▽
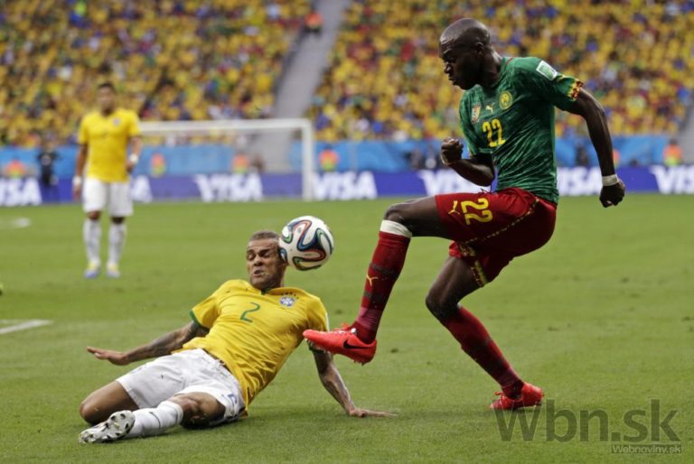 Kamerunčan Allan Nyom v súboji s brazílskym futbalistom Danim Alvesom počas pondelňajšieho zápasu A-skupiny na svetovom šampionáte. Foto: SITA/AP
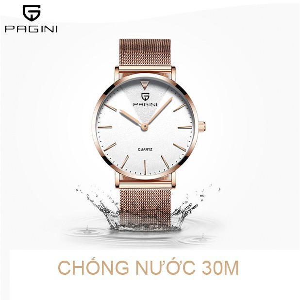 ️MÔ TẢ SẢN PHẨM ➡ THIẾT KẾ ĐẾN TỪ Ý Vỏ ngoài của chiếc đồng hồ PAGINI được gia công bằng chất liệu hợp kim thép chống gỉ mạ vàng tạo nên vẻ sang trọng, quý phái. Dây titanium siêu mỏng – rất bền màu ➡ VẬN HÀNH BỀN BỈ Từ năm 2012 đến nay nhà máy lắp ráp PAGINI đã đầu tư và nâng cấp thêm nhiều trang thiết bị hiện đại cùng với công nghệ sản xuất lắp ráp tiên tiến của Nhật Bản giúp chiếc đồng hồ PAGINI tinh tế hơn, bền bỉ hơn. ➡ ĐỒNG HỒ PAGINI – Phong Cách Sang Trọng Những chiếc đồng hồ PAGINI làm tôn lên vẻ đẹp cổ điển theo phong cách Ý, mang lại vẻ quyến rũ từ cái nhìn đầu tiên. Những đặc quyền mà chỉ phái đẹp mới có được! ----------------------------------------------------------------------------------- ➡Đồng hồ PAGINI là sự kết hợp tuyệt vời của những công nghệ sản xuất đồng hồ hàng đầu : - Công nghệ mạ PVD vàng hiện đại (PVD = Physical Vapor Deposition - Bốc hơi lắng đọng Vật lý) cho độ bền gấp 3 lần phương pháp mạ thông thường và vẻ sáng bóng tự nhiên và đặc biệt không bị phai màu - Sử dụng thép không rỉ cao cấp 904L cho độ bền, độ cứng và sáng bóng gấp 3 lần loại thép không rỉ thông thường - Lắp ráp hoàn toàn thủ công dưới bàn tay của các nghệ nhân cho độ chính xác hoàn hảo - Máy Quartz công nghệ thụy sỹ - Mặt kính sapphire cao cấp cho khả năng chống va đập, chống trầy xước tương đối hoàn hảo - Đồng hồ thiết kế kín cho khả năng chống nước tuyệt vời,lên tới 3atm được thử nghiệm khắt khe với máy tạo áp suất trước khi xuất xưởng ----------------------------------------------------------------------------------- ➡ THÔNG TIN SẢN PHẨM: ✔Tình trạng: Mới 100% ✔Loại máy: máy Quartz công nghệ thụy sỹ ✔Thương hiệu: PAGINI ✔Chức năng : chronograph ✔Kích thước bề mặt: Đường kính 32 mm ✔Bảo hành: 02 năm ✔Độ dày mặt: 8mm ✔Xuất xứ: Japan ✔Độ dày dây đeo: 2mm ✔Nguồn gốc: Chính hãng ✔Độ rộng dây đeo: 20mm ✔Chất liệu dây: Thép cao cấp 904L ✔Trọng lượng: 65g ✔Chất liệu mặt: Kính sapphire ✔Độ chống nước: 3ATM ✔Năng lượng sử dụng: pin ✔Phong cách : Quyến rũ – Sang trọng ----------------------------------------------------------------------------------- ➡ CÔNG TY CAM KẾT: Tất cả những sản phẩm công ty bán ra đều có chế độ bảo hành cho khách hàng. Tất cả những gì chúng tôi mô tả về sản phẩm này đều được khách hàng kiểm chứng khi nhận hàng ( Mở hàng ra kiểm tra thỏa mái ) Nên hoàn toàn yên tâm nhé ✔ 1 đổi 1 trong 1 tháng nếu có lỗi do nhà sản xuất. ✔ Bảo hành 2 năm chính hãng PAGINI ✔ Giao hàng miễn phí nhanh tới tận nhà trên Toàn quốc. ✔ Chỉ thanh toán sau khi nhận được hàng và ưng ý với sản phẩm và mua hàng. ✔ Thử sản phẩm tại nhà và không mất bất cứ chi phí nào sản phẩm của chúng tôi không làm hài lòng khách hàng. CHÚNG TÔI SẼ BỒI THƯỜNG 200% NẾU SẢN PHẨM KHÔNG ĐÚNG CHẤT LƯỢNG
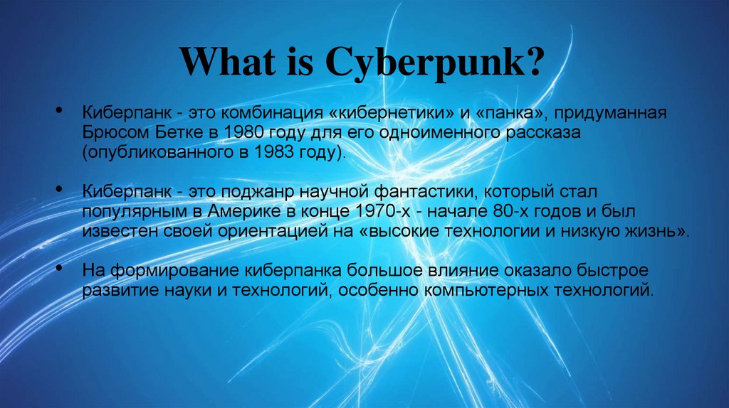 What is Cyberpunk?Киберпанк - это комбинация «кибернетики» и «панка», придуманная
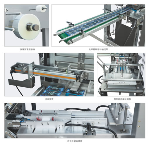 本機(jī)適用于各行業(yè)中的單件盒式物品的薄膜自動(dòng)包裝(帶金拉線(xiàn))。本機(jī)整體機(jī)架采用碳鋼噴塑、落地多開(kāi)安全門(mén)結(jié)構(gòu),采用平推式推盒結(jié)構(gòu),更換模具簡(jiǎn)單,調(diào)節(jié)距離多處采用手搖式調(diào)節(jié)尺寸,大大節(jié)省換模具時(shí)間,固定膜處采用氣漲軸輥固定,使換膜更簡(jiǎn)單、快速。
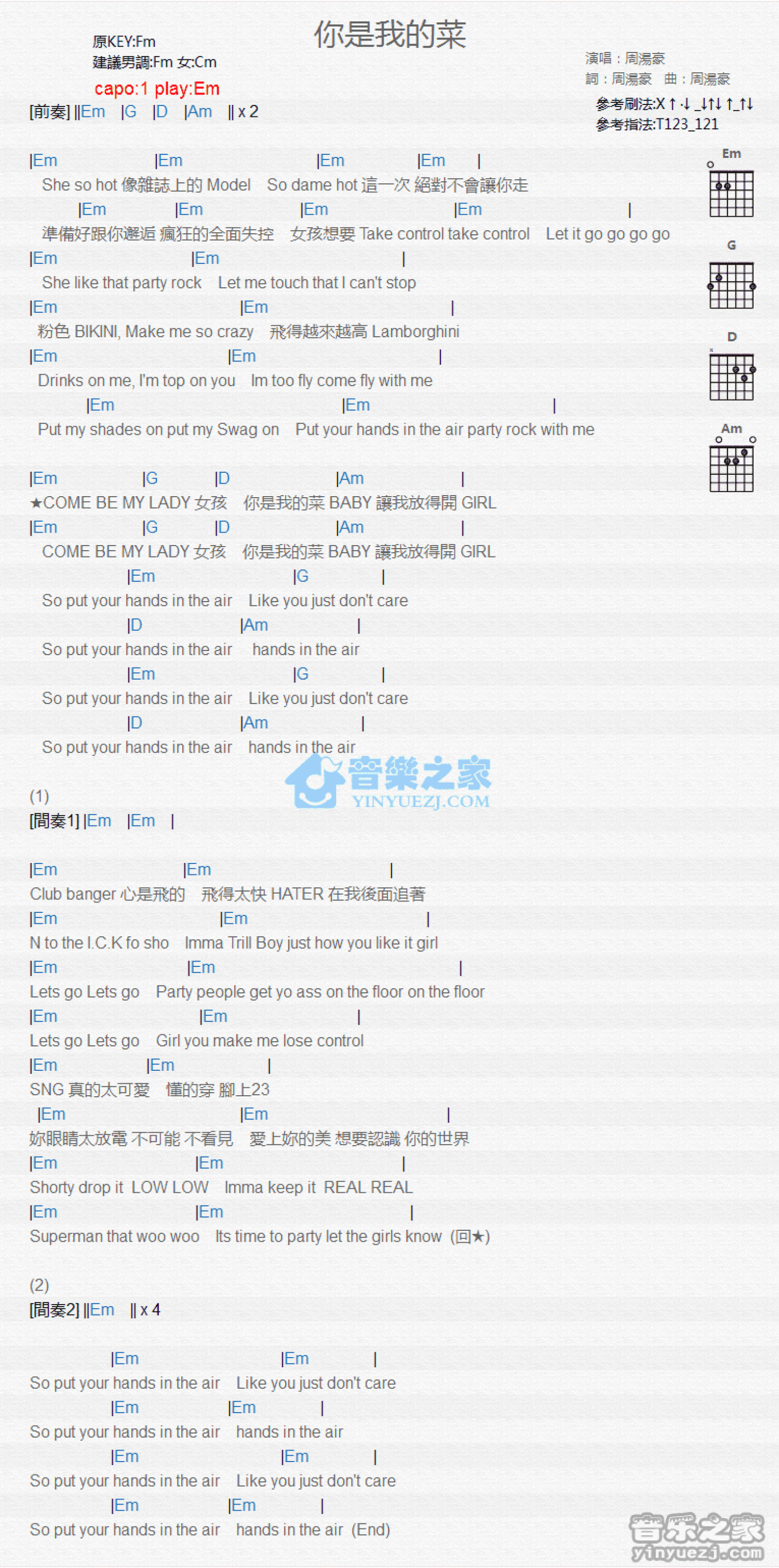 曲谱介绍: Em调版 周汤豪《你是我的菜》吉他和弦弹唱谱
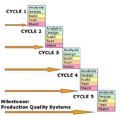 This contrasts with the conventional Waterfall approach that is based upon a fixed plan and set of requirements and the completion of a sequence of individual processes, the entire sequence leading to a single delivery of a completed system.
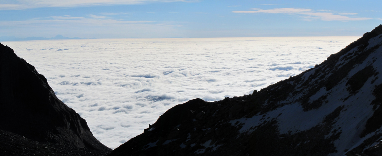 schönes Breitbildfoto. Blick nach Italien und auf eine nicht endende Nebeldecke
△
▶ DESCRIPTION OF THE TASK
In the data above, take the line with "What is Cyberpunk?Киберпанк", the line with "曲谱介绍: Em调版 周汤豪《你是我的菜》吉他和弦弹唱谱", and every line between, and set them down exactly without pictures.

▶ REPLY TO THE TASK
 What is Cyberpunk?Киберпанк - это комбинация «кибернетики» и «панка», придуманная
 本機(jī)適用于各行業(yè)中的單件盒式物品的薄膜自動(dòng)包裝(帶金拉線(xiàn))。本機(jī)整體機(jī)架采用碳鋼噴塑、落地多開(kāi)安全門(mén)結(jié)構(gòu),采用平推式推盒結(jié)構(gòu),更換模具簡(jiǎn)單,調(diào)節(jié)距離多處采用手搖式調(diào)節(jié)尺寸,大大節(jié)省換模具時(shí)間,固定膜處采用氣漲軸輥固定,使換膜更簡(jiǎn)單、快速。
 曲谱介绍: Em调版 周汤豪《你是我的菜》吉他和弦弹唱谱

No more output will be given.